Exercise details: For this exercise, output the entries below exactly from the line that holds "Condition: Very good." to the line that holds "Barry Sullivan 1958", both ends included. No pictures belong in the copy.

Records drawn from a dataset
+ + + + + + +

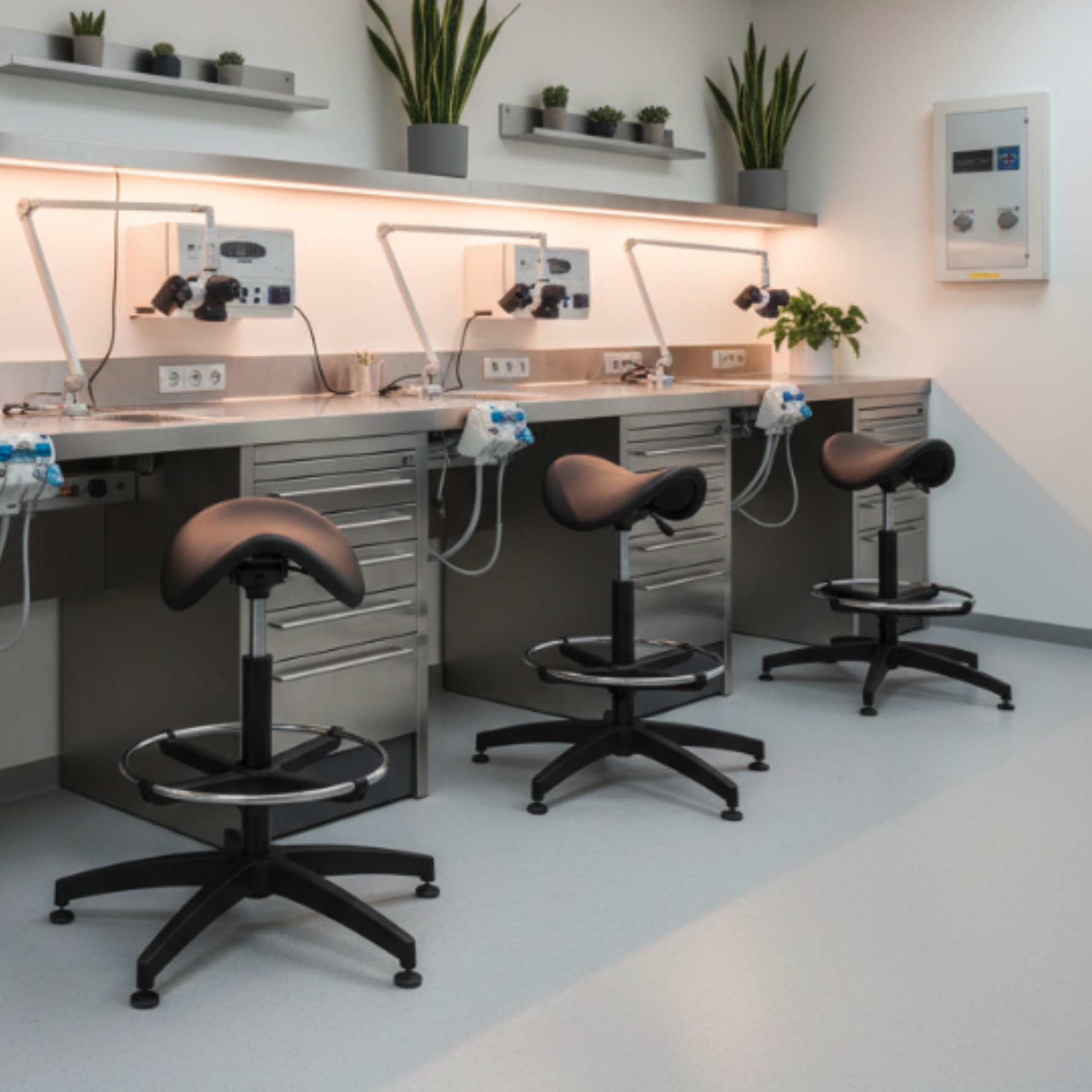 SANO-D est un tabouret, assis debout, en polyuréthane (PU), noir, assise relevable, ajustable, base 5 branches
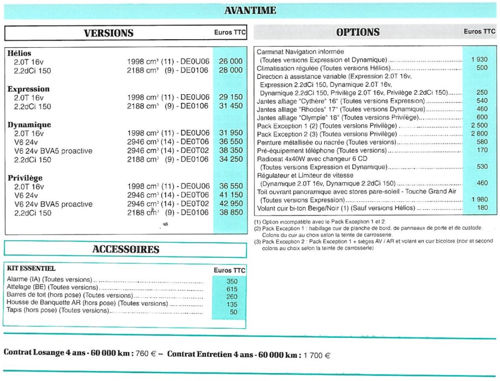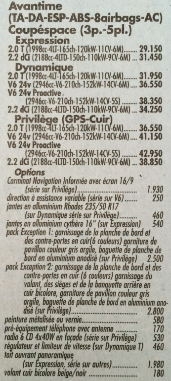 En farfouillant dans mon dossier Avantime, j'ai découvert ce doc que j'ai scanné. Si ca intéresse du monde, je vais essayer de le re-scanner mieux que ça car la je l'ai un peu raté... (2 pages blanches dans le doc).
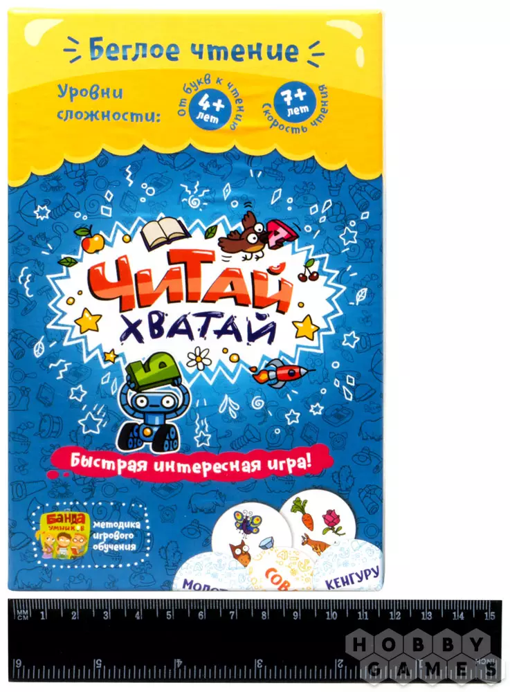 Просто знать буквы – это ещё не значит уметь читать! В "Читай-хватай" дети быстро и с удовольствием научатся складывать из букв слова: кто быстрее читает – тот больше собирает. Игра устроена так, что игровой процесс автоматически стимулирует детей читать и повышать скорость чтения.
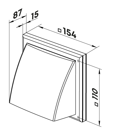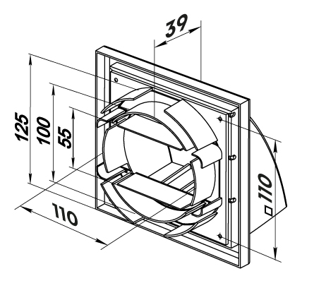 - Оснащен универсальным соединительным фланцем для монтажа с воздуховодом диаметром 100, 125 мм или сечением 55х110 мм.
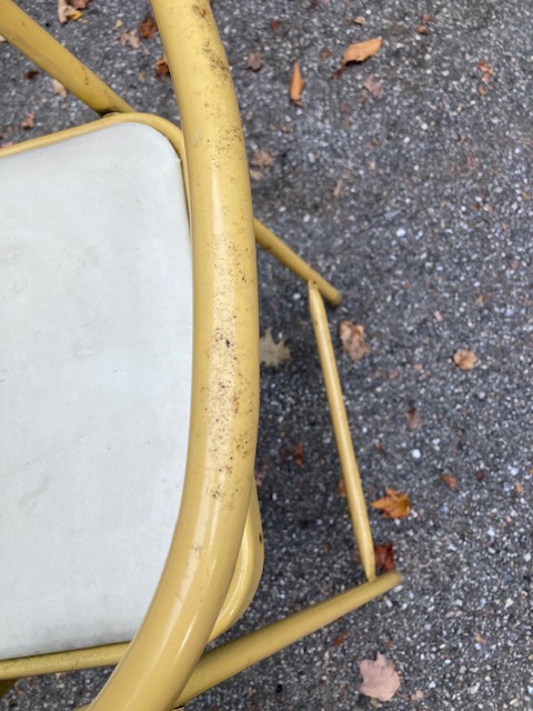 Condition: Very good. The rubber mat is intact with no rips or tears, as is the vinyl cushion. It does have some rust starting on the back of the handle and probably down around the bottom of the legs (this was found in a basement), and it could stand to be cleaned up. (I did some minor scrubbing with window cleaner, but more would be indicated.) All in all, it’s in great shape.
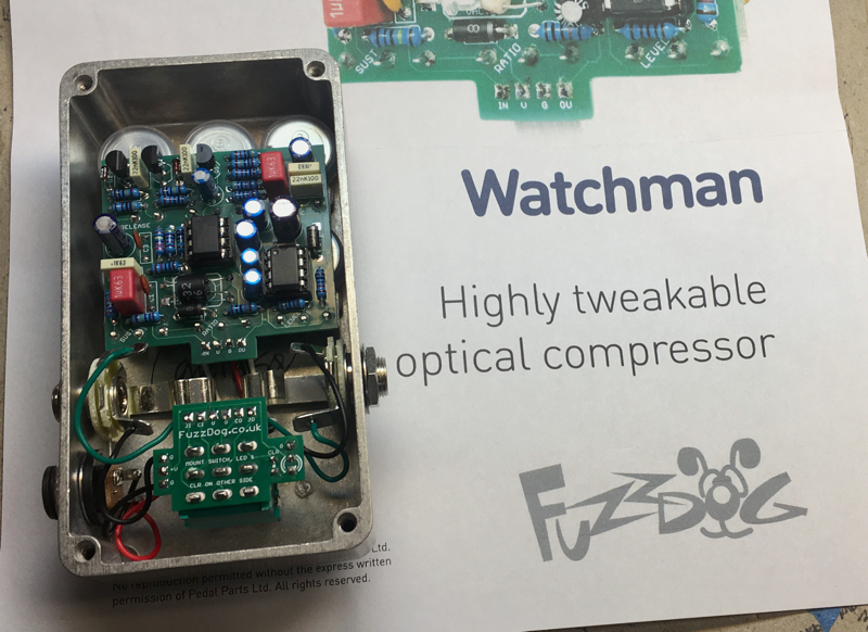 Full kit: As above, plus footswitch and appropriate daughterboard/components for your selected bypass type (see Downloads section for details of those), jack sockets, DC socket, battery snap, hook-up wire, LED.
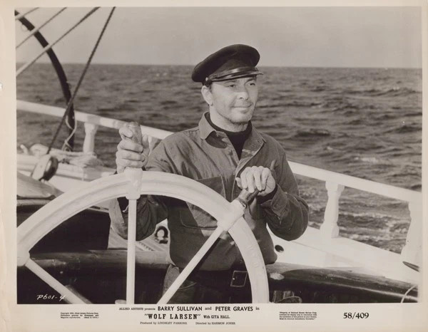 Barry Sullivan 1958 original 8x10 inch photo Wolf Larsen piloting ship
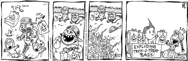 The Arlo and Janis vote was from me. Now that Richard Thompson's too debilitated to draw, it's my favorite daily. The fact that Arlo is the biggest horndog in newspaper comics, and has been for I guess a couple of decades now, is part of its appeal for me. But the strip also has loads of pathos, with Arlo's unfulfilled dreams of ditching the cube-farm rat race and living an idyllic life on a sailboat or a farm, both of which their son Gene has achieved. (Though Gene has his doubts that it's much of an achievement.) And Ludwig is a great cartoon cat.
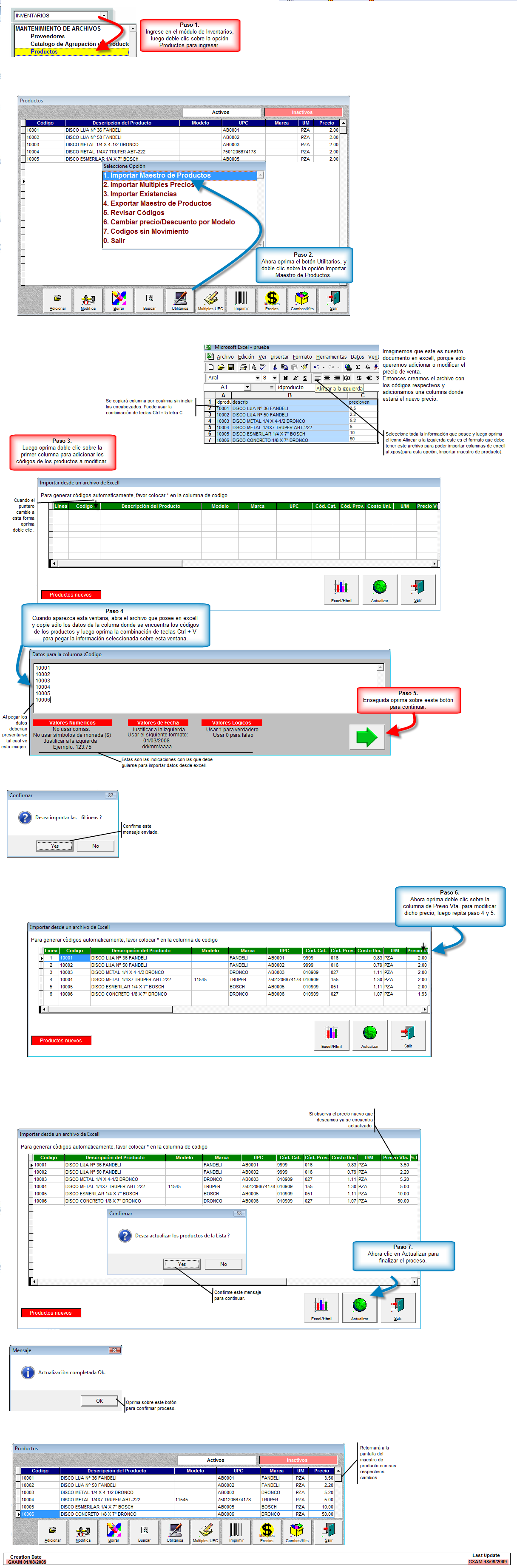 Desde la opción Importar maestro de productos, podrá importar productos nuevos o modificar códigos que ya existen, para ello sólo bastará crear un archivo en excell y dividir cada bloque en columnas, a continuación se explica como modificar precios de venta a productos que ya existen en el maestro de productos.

+ + + + + + +

Expected answer:
 Condition: Very good. The rubber mat is intact with no rips or tears, as is the vinyl cushion. It does have some rust starting on the back of the handle and probably down around the bottom of the legs (this was found in a basement), and it could stand to be cleaned up. (I did some minor scrubbing with window cleaner, but more would be indicated.) All in all, it’s in great shape.
 Full kit: As above, plus footswitch and appropriate daughterboard/components for your selected bypass type (see Downloads section for details of those), jack sockets, DC socket, battery snap, hook-up wire, LED.
 Barry Sullivan 1958 original 8x10 inch photo Wolf Larsen piloting ship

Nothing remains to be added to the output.